**About this exercise**
Copy out the lines of the records below, and only those lines, from the one with "2017首屆國際物業(yè)" through the one with "御香宮神社での婚礼撮影は、新", exactly as they appear.

Record set Start Marker

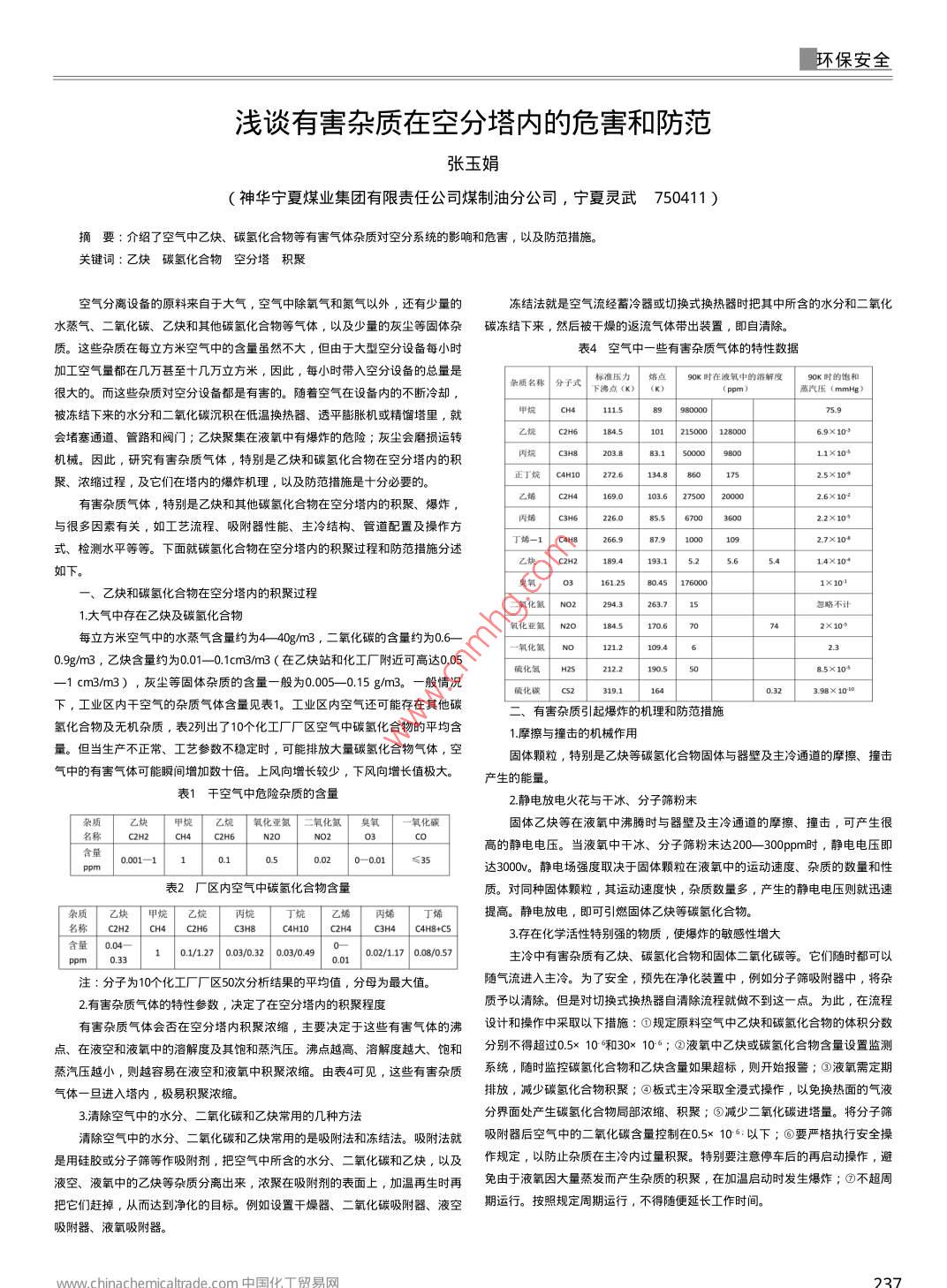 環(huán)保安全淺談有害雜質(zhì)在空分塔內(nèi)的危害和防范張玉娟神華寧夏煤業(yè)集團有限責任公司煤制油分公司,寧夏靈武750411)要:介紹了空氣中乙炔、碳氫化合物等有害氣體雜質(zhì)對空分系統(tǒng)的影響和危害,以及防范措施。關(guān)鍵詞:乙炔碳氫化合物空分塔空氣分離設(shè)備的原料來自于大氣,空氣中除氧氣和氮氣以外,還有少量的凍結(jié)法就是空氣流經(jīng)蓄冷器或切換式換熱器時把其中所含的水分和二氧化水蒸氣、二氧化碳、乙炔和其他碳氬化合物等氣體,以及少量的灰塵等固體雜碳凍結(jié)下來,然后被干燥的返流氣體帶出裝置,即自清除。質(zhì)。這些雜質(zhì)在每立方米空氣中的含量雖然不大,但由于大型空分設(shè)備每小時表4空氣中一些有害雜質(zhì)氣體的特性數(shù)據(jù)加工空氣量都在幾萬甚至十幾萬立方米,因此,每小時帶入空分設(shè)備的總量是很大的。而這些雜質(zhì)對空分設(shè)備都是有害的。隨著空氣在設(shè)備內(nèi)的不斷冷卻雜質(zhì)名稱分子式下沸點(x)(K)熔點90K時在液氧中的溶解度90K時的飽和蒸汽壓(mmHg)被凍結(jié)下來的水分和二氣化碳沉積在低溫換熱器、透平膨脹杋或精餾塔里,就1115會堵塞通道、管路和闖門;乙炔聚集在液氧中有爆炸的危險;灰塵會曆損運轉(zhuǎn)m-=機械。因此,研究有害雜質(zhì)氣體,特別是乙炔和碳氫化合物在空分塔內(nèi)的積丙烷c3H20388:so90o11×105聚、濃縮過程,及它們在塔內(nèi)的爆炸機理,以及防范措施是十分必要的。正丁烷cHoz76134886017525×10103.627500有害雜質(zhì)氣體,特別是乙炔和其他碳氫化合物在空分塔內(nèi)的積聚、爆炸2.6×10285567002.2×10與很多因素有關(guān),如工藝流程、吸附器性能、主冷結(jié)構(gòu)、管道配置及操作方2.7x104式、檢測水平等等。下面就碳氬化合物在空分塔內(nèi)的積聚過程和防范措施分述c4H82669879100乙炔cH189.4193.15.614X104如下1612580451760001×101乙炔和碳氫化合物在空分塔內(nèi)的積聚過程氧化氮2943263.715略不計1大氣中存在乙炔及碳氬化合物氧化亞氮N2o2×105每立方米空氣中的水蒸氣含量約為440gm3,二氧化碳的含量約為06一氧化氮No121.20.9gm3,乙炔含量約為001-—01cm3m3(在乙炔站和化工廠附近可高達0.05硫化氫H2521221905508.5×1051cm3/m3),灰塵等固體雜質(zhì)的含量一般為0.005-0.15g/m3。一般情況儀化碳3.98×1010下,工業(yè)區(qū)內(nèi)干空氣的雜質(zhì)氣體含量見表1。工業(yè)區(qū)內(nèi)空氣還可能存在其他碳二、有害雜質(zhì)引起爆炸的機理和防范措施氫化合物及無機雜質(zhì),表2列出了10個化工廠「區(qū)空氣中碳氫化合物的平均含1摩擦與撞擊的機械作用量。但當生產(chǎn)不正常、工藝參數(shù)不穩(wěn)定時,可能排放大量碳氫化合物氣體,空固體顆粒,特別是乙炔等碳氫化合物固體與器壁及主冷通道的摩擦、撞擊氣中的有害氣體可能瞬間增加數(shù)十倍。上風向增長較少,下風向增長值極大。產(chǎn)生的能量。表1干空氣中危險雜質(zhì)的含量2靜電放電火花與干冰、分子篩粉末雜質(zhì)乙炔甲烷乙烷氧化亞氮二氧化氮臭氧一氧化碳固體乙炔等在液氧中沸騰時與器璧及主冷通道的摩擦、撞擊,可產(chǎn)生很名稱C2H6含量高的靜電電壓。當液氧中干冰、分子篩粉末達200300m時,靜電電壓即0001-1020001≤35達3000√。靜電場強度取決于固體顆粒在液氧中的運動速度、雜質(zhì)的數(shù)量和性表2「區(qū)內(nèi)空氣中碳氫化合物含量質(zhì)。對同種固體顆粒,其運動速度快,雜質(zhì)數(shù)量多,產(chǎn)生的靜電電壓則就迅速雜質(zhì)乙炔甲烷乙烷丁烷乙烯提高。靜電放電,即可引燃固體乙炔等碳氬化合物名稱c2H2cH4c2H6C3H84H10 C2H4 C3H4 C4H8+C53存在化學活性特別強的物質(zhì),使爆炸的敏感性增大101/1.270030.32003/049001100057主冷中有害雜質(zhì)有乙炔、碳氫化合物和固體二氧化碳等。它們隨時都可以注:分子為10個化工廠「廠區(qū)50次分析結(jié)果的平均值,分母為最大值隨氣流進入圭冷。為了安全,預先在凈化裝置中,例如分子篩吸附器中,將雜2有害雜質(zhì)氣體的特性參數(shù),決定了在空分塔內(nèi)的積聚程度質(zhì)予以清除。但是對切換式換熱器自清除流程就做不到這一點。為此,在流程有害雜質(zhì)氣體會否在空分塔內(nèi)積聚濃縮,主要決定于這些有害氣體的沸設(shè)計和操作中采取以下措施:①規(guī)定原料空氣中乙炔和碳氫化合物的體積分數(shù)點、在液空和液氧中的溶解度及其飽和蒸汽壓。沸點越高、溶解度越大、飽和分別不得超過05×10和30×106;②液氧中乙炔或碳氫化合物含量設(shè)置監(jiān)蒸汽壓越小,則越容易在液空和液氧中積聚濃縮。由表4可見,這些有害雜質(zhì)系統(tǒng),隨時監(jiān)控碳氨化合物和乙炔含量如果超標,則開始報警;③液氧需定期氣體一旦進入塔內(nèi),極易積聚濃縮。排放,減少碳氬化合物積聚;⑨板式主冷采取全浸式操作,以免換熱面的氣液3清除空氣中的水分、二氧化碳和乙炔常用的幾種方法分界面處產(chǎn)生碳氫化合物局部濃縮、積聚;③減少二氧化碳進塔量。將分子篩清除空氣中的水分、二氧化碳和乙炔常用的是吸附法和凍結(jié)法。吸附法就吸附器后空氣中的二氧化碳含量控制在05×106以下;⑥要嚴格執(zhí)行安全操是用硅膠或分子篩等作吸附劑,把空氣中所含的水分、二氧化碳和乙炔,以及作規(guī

Record set End Marker
Record set Start Marker

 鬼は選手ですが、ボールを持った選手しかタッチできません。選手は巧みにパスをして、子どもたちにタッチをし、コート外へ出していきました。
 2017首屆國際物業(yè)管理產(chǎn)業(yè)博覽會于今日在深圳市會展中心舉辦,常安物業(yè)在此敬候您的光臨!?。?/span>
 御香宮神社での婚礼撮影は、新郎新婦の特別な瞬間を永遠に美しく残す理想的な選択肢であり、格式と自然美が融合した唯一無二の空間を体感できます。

Record set End Marker

**Task output**
 2017首屆國際物業(yè)管理產(chǎn)業(yè)博覽會于今日在深圳市會展中心舉辦,常安物業(yè)在此敬候您的光臨!?。?/span>
 御香宮神社での婚礼撮影は、新郎新婦の特別な瞬間を永遠に美しく残す理想的な選択肢であり、格式と自然美が融合した唯一無二の空間を体感できます。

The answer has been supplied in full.